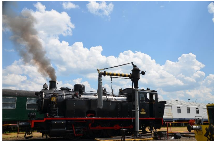
Met de stoomtrein van Mariembourg naar Treignes
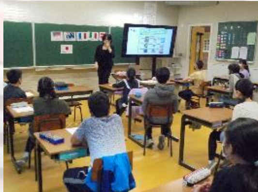
小学部6年生 外国語の研究授業の様子①
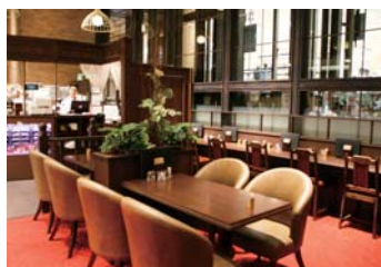
売り場の改装に伴い閉店した旧ロマン亭

素材本来の美味しさを逃さないようお肉の中心までゆっくり火を通し、衣はさっくり、中はしっとりジューシーに仕上げます。旨味を引き出した完熟肉を使用した看板商品「ヘレカツサンド」の他、卵サラダをミルフィーユ状に重ねた名物の「タマゴサンド」、豚ヘレの一番やわらかく美味しい部位であるシャトーブリアンを丸ごと一本丁寧に火を通した高級カツサンドなど、当時と変わらぬ味とサービスをご提供します。お近くにお越しの際はぜひお立ち寄りください。
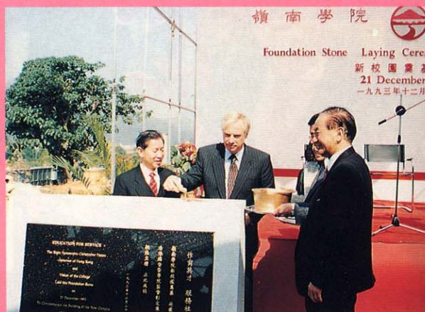
彭定康監督安放碑石
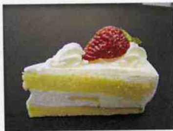
季節のフルーツショートケーキ
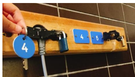
和洗衣機插頭配對的鑰匙。

洗衣方面，一次 16 元新台幣，以證件和櫃檯拿鑰匙，不用用洗衣籃佔位子排隊。每台洗衣機有編號，拿鑰匙可以解鎖洗衣機插頭，蠻佩服校方想出來的管理方法！
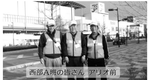
西部A班の皆さん アリオ前

当日は、年末商戦まっただ中、アリオは今まで見たことないほどの込みようでした。我々のオレンジのベストの背中のお客さんもいました。我々の活動が、市民の皆さん、青少年に伝わることを願ってやみません。
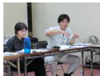
WGでの意見交換の様子
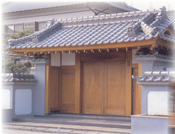
■古川銘木店(宮崎) スコッチ
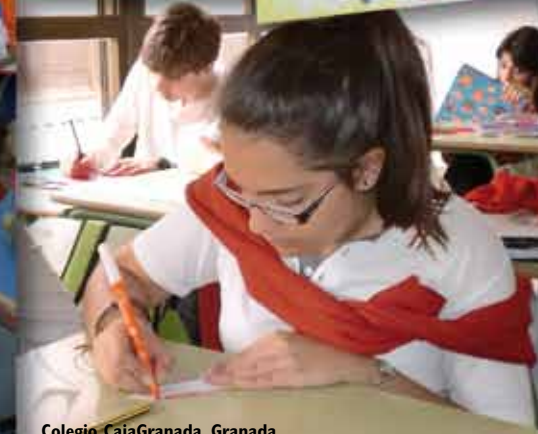
Colegio CajaGranada. Granada
***
Exactly restate the lines from the beginning of the data through the line with "売り場の改装に伴い閉店した旧ロマン亭", and no others, keeping pictures out.

- Answer:
Met de stoomtrein van Mariembourg naar Treignes
小学部6年生 外国語の研究授業の様子①
売り場の改装に伴い閉店した旧ロマン亭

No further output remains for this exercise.